# Provided information

+++

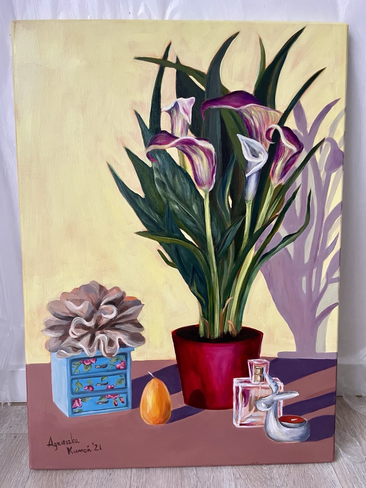 Malowana z natury, z obserwacji — na podstawie moich własnych obiektów i autorskiej kompozycji.
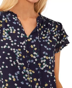A charming scattered daisy print accents the flowy double flutter sleeves and ruffled split neck of this CeCe blouse.
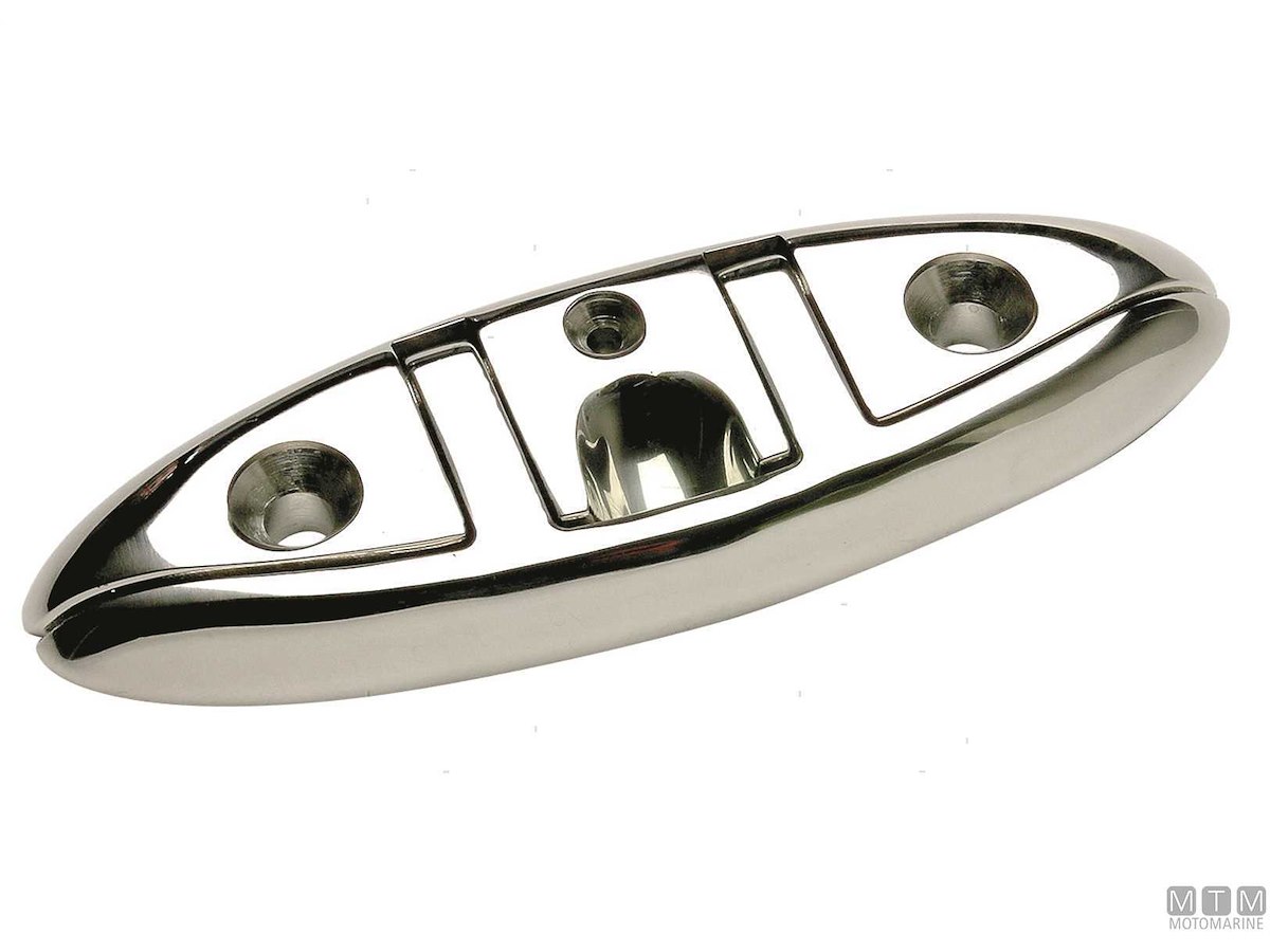 Bitta abbattibile in Acciaio Inox lucidato a specchio. Montaggio con viti passanti. Non richiede incasso, si abbatte ripiegandosi.
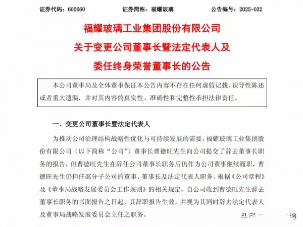 10月16日,福耀玻璃(600660.SH)发布重磅公告:创始人曹德旺正式辞去董事长职务,由长子曹晖接任,同时曹德旺被授予"终身荣誉董事长"称号 。这标志着这家市值超1700亿的全球玻璃巨头,正式进入"曹晖时代"。
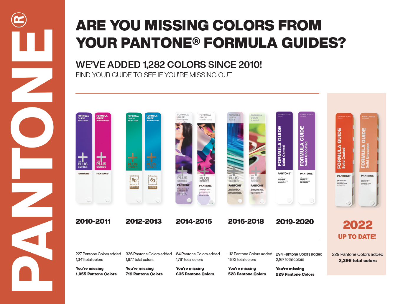 Grafiska systemet från Pantone, även kallat Pantone Matching System (PMS) består av en blank (coated) och en matt (uncoated) guide, varje ”solfjäder” innehåller 2.390 solida tryckfärger! Industristandard för val, specifikation och färgrecept av Pantone PMS Systemfärger. Färgerna ligger nu i färgordning (ej nr.-ordning). Ett index ingår för att lättare kunna hitta färgen. Exempel på färg-nr: "123 C" eller "123 U". (Sid-nr 5 C resp 5 U). Här finner du också färgbenämningar som "Warm Gray 1" samt en sida med guld/brons/silver-färgerna; 871, 872, 873, 874, 875, 876 och 877. Med Solid Formula guiderna ingår nu också en flik, ColorChecker Lighting Indicator D50, för att kunna kontrollera om ljusförhållanderna är de optimala. Ett mycket bra verktyg!
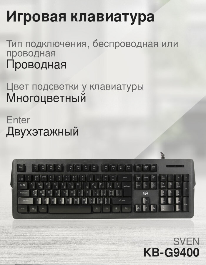 Клавиатура Sven KB-G9400 Black 104КЛ подсветка клавиш .
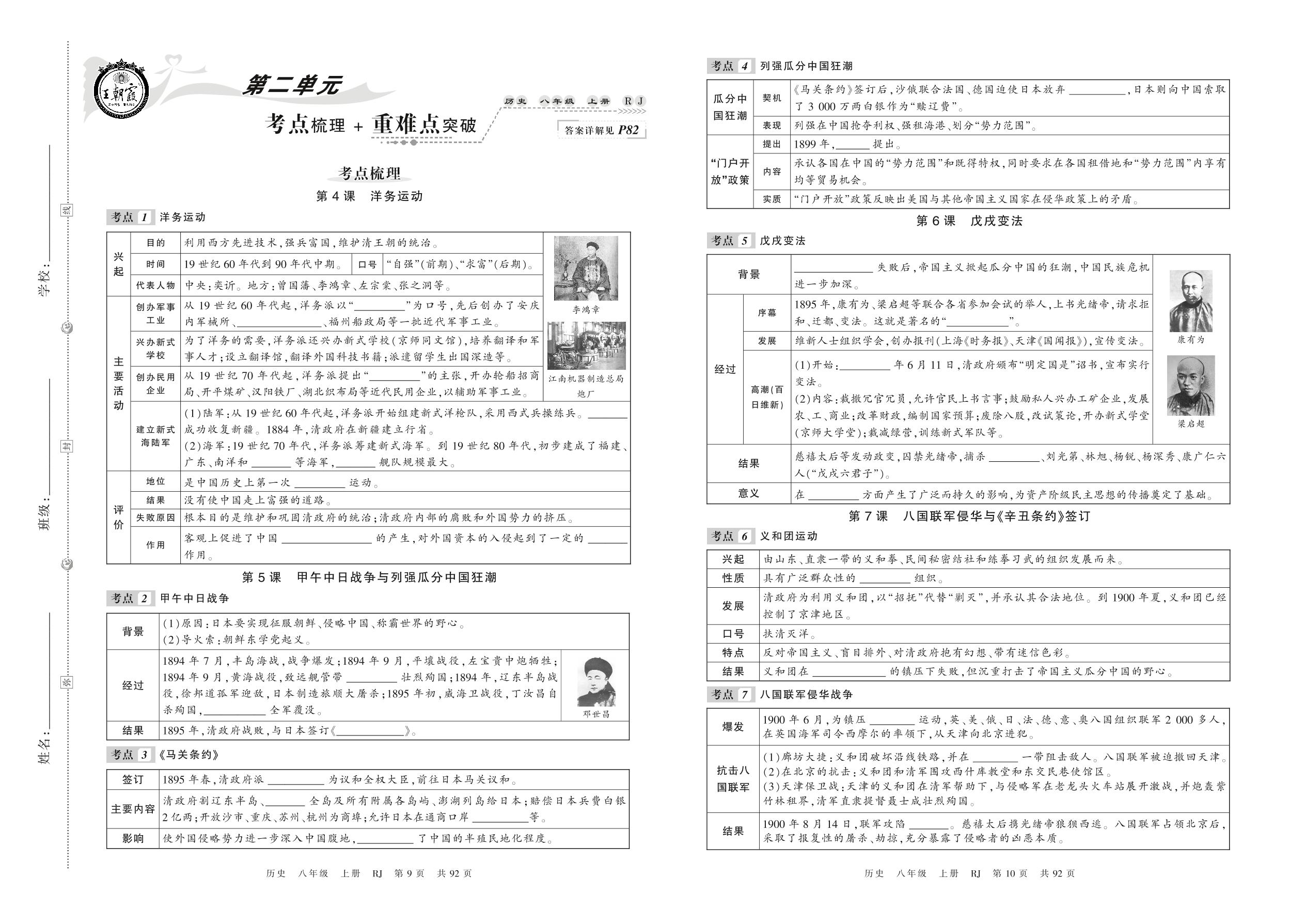 2021上册八年级历史人教版 第二单元 考点梳理+重难点突破
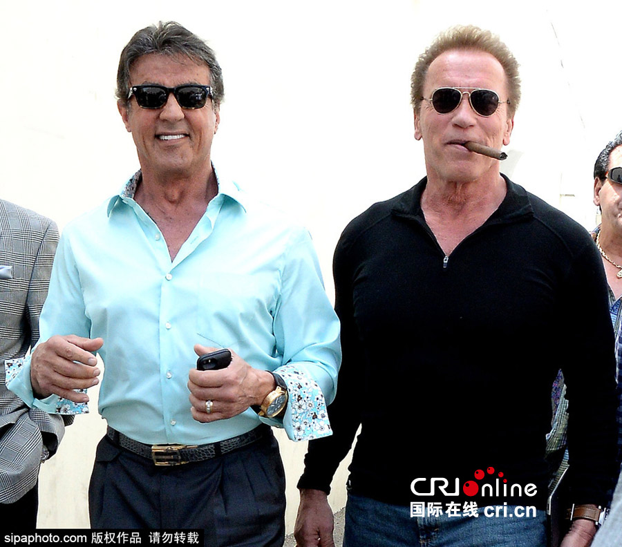 美国洛杉矶当地时间2015年5月9日,史泰龙(Sylvester Stallone)与阿诺德·施瓦辛格(Arnold Schwarzenegger)现身洛杉矶一同用午餐。 图片来源:Sipaphoto

+++

# Your assignment
Pictures excluded, copy the lines exactly from where the material starts to the line with "10月16日,福耀玻璃(60", inclusive.

# Answer for this exercise
 Malowana z natury, z obserwacji — na podstawie moich własnych obiektów i autorskiej kompozycji.
A charming scattered daisy print accents the flowy double flutter sleeves and ruffled split neck of this CeCe blouse.
 Bitta abbattibile in Acciaio Inox lucidato a specchio. Montaggio con viti passanti. Non richiede incasso, si abbatte ripiegandosi.
 10月16日,福耀玻璃(600660.SH)发布重磅公告:创始人曹德旺正式辞去董事长职务,由长子曹晖接任,同时曹德旺被授予"终身荣誉董事长"称号 。这标志着这家市值超1700亿的全球玻璃巨头,正式进入"曹晖时代"。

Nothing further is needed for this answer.